2.32	Frequency tables, histograms, and the basketball wins: Here are the number of wins for the 30 U.S. National Basketball Association (NBA) teams for the 2012–2013 NBA season.

60	44	39	29	23	57	50	43	37	27
49	42	37	29	19	56	51	40	33	26
48	42	31	25	18	53	44	40	29	23

Create a grouped frequency table for these data.
Create a histogram based on the grouped frequency table.
Write a summary describing the distribution of these data with respect to shape and direction of any skew.
Here are the numbers of wins for the 8 teams in the National Basketball League (NBL) of Canada. Explain why we would not necessarily need a grouped frequency table for these data.

26	33
20	22
20	18
19	2

Question 2.33

2.33

Types of distributions: Consider these three variables: finishing times in a marathon, number of university dining hall meals eaten in a semester on a three-meal-a-day plan, and scores on a scale of extroversion.

Which of these variables is most likely to have a normal distribution? Explain your answer.
Which of these variables is most likely to have a positively skewed distribution? Explain your answer, stating the possible contribution of a floor effect.
Which of these variables is most likely to have a negatively skewed distribution? Explain your answer, stating the possible contribution of a ceiling effect.

Question 2.34

2.34

Type of frequency distribution and type of graph: For each of the types of data described below, first state how you would present individual data values or grouped data when creating a frequency distribution. Then, state which visual display(s) of data would be most appropriate to use. Explain your answers clearly.

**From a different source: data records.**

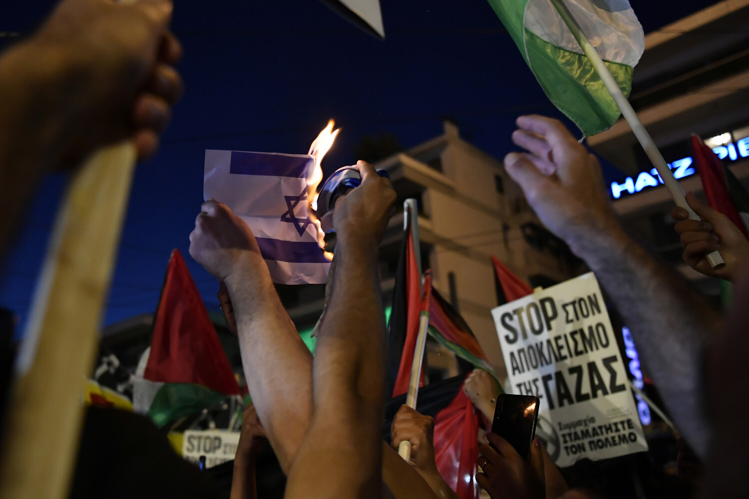На Потсдамской площади собралось около тысячи человек. Митингующие развернули флаги Палестины. Они выкрикивали антиизраильские лозунги и скандировали «Аллах акбар».
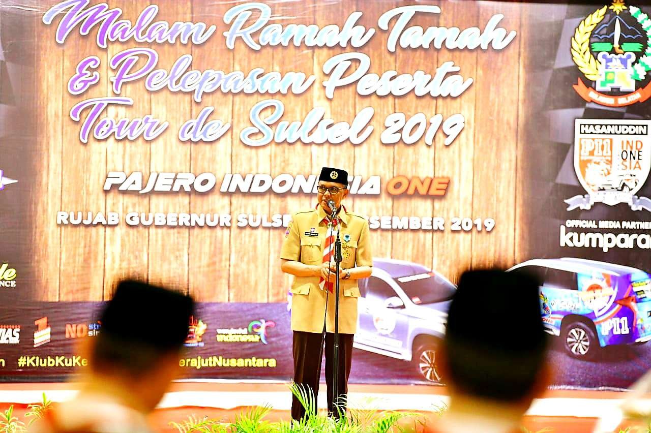 Sebanyak 27 anggota Pajero Indonesia One (PIOne) yang berasal dari Pulau Jawa bergabung dengan 100 anggota PIOne Hasanuddin peserta Tour The Sulsel 2019 dilepas Gubernur Sulsel Prof HM Nurdin Abdullah di Pelataran Laki Padada, Kompleks Rumah Jabatan Gubernur di Makassar, Jumat 27 Desember 2019.
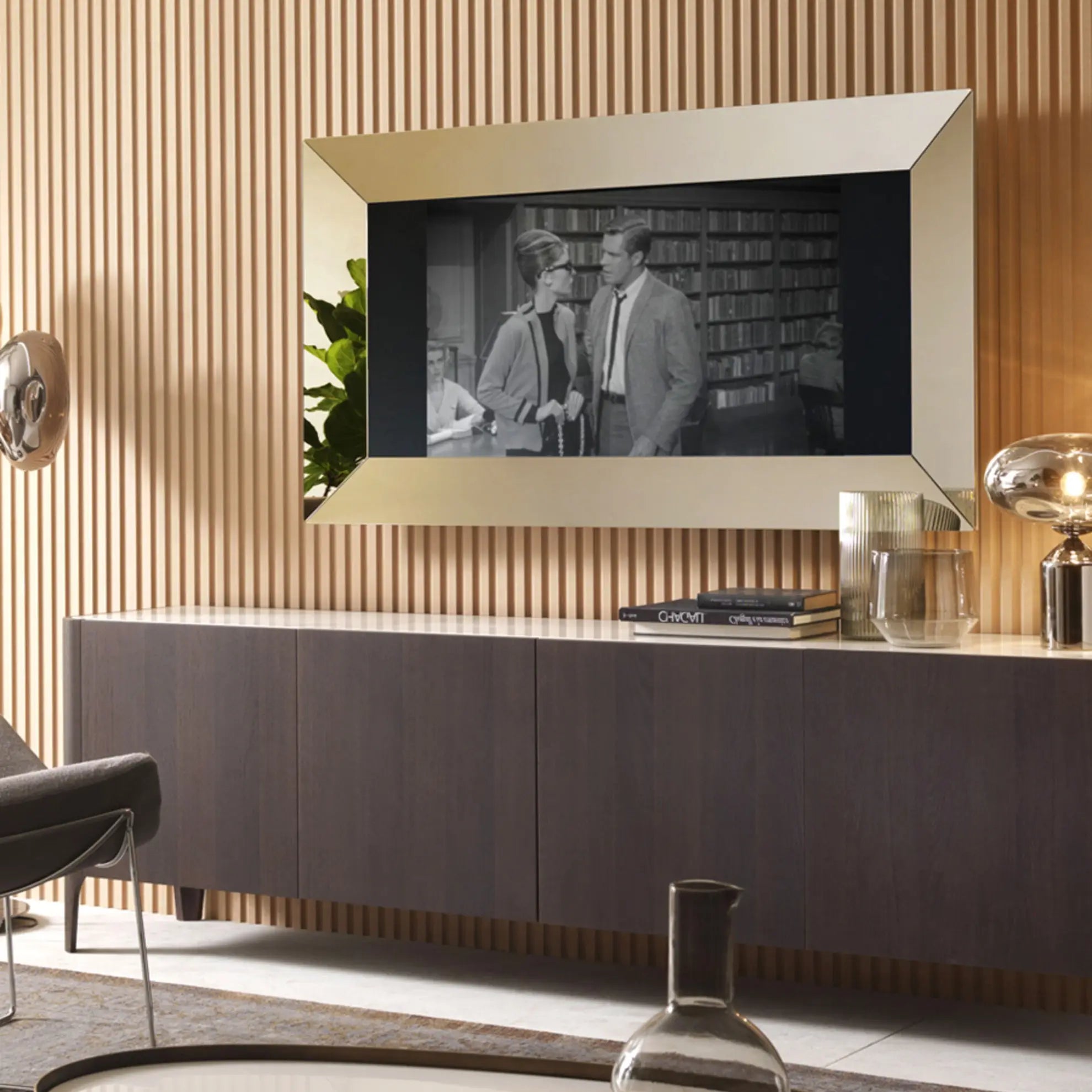 Elegant and essential TV mirror, with a large semi-reflective glass frame that gives it a contemporary taste, Mirror TV hides surprising features: it has a discreet housing for the TV which, when turned off, disappears behind the semi-reflective surface. The structure is suitable only for ultra-flat screens with a maximum thickness of 5 cm in the central part and 7 cm laterally at the locking seat. TV not supplied.
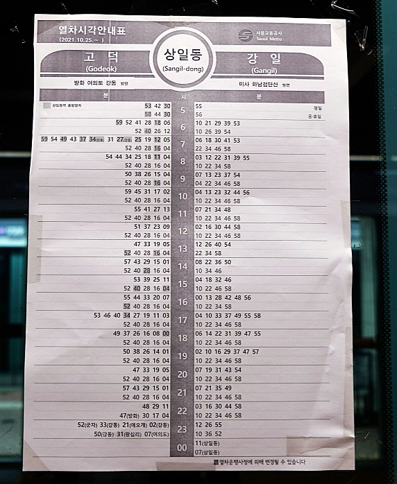 ¿À´ÃÀº Á¦°¡ »ì°í ÀÖ´Â °í´öµ¿¿¡ À§Ä¡ÇÑ ÁöÇÏö¿ª 5È£¼± »óÀϵ¿¿ª ½Ã°£Ç¥¸¦ ¾Ë·Áµå¸®¸é¼ 5È£¼± Çϳ² ¹Ì»ç¿ª/Çϳ²°Ë´Ü»ê¿ª ½Ã°£Ç¥¿Í
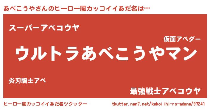 | 女子向けラノベタイトル風あだ名 | 『あべこうやの玉の輿計画!』 |
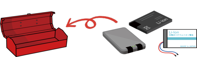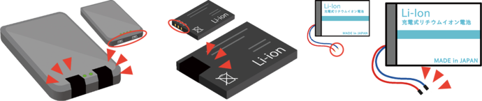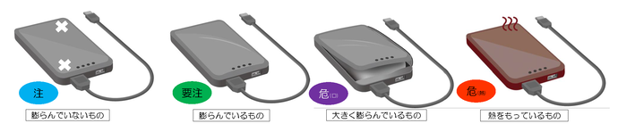 ※ モバイルバッテリー等で本体が開くほど大きく膨らんでいたり、熱を持ったりしているものは、衝撃や圧力を加えないように気を付ける必要があります。
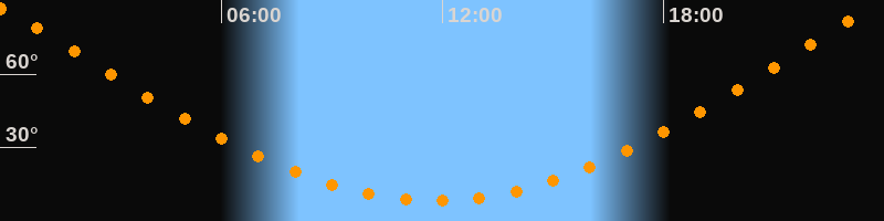| Höchster Stand (Kulmination) | 23:48 Uhr (h = 87°) |
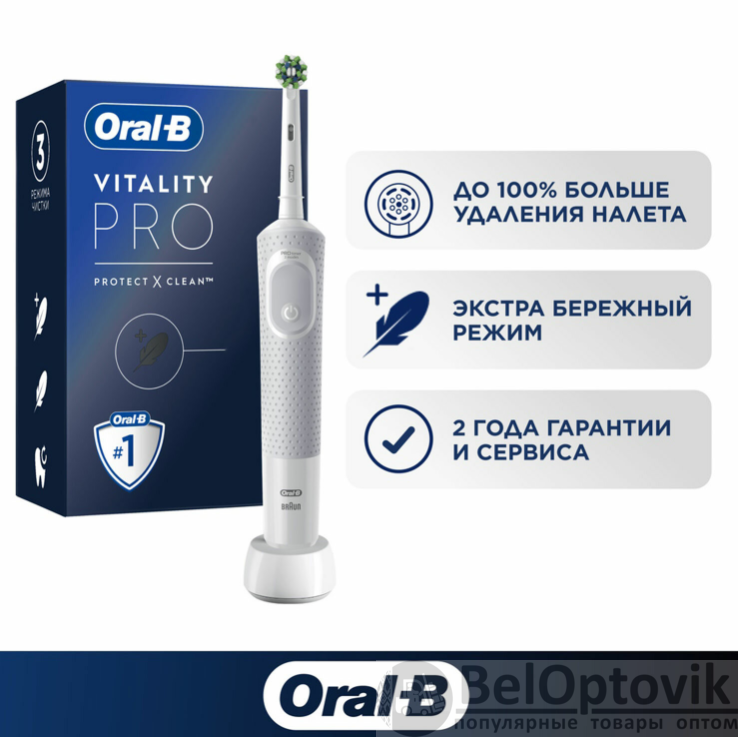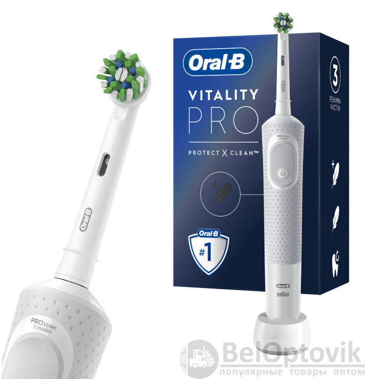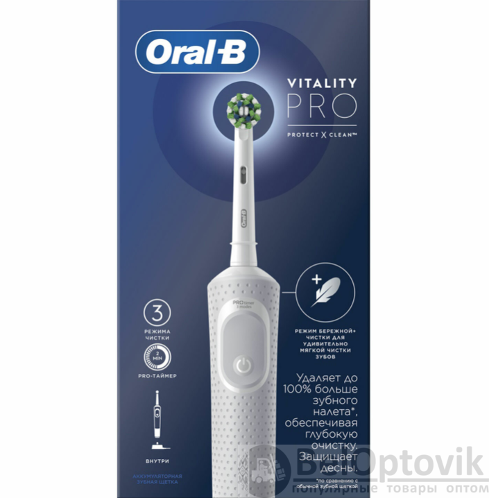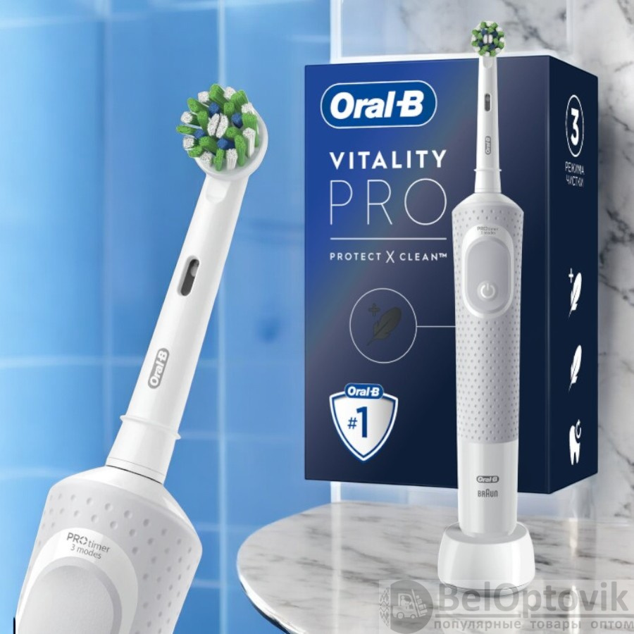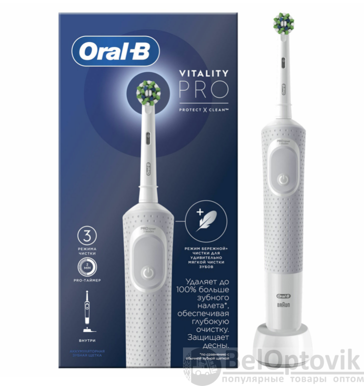 Купить Зубная щетка электрическая ORAL-B (Орал-би) Vitality Pro, 1 насадка, белая на нашем сайте можно ОПТОМ от 20 шт. или не менее 5, если Вы покупаете у нас и другие товары (сборный заказ).
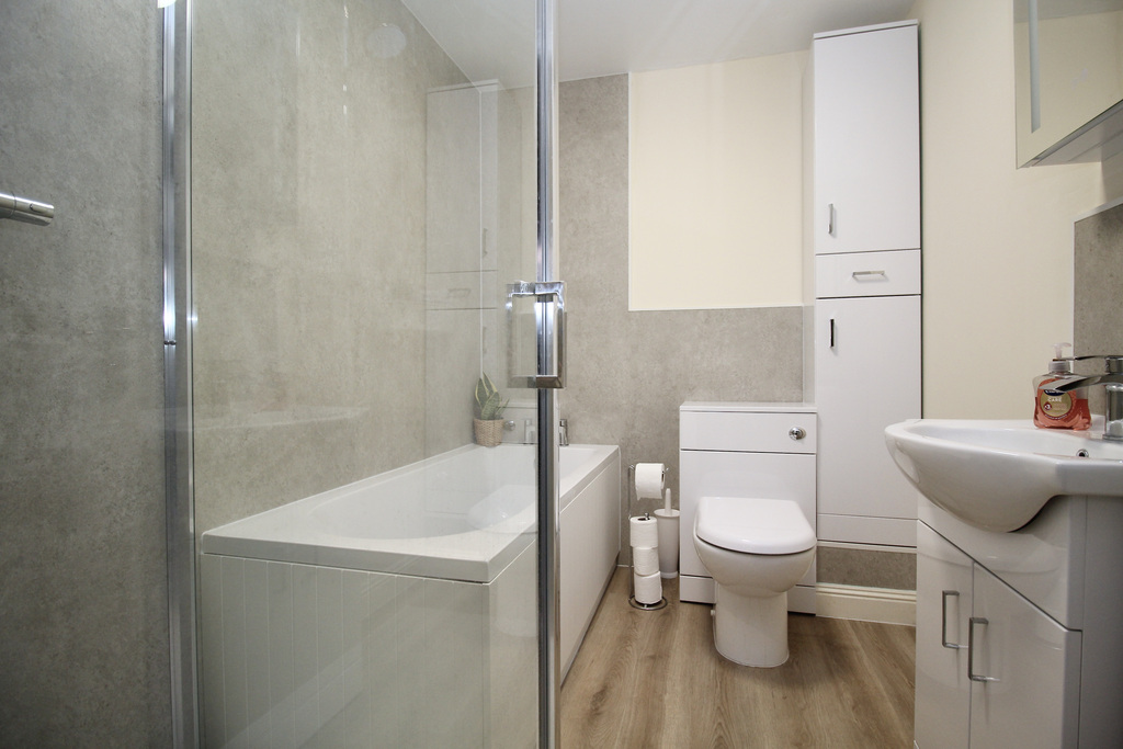 - The family bathroom includes a panelled bath with shower over, wash hand basin and a WC

Eye color observed for 87 people
Minutes used on a cell phone by 240 teenagers
Time to complete the London Marathon for the more than 35,000 runners who participate
Number of siblings for 64 college students

Question 2.35

2.35

Number of televisions and a grouped frequency distribution: The Canadian Radio-television and Communications Commission (http://www.crtc.gc.ca/eng/home-accueil.htm) gathers data on the numbers of television sets in Canadian homes. Two percent of homes had no television; 28% had one television; 32% had two televisions; 20% had three televisions; and 18% had four or more televisions. Create a histogram for these percentages. (Treat “four or more televisions” as four for the purposes of this exercise.)

Question 2.36

2.36

Skew and surname frequencies: Researchers published a summary of the frequency of surnames based on U.S. Census data (Word, Coleman, Nunziata, & Kominski, 2008). The table lists the frequencies of last names in the left column, the number of last names with that level of frequency in the next column, and then the cumulative number and cumulative proportion (or percentage) in the next two columns. For example, 2.3 million people in the United States have the last name Smith, the most common name in this data set. So, Smith would be one of the seven names listed in the top row—last names that occur more than 1,000,000 times in the population. In another example, more than 72,000 people have the last name Singh. So, Singh is one of the 3012 surnames in the third row—names that occur between 10,000 and 99,999 times in the population.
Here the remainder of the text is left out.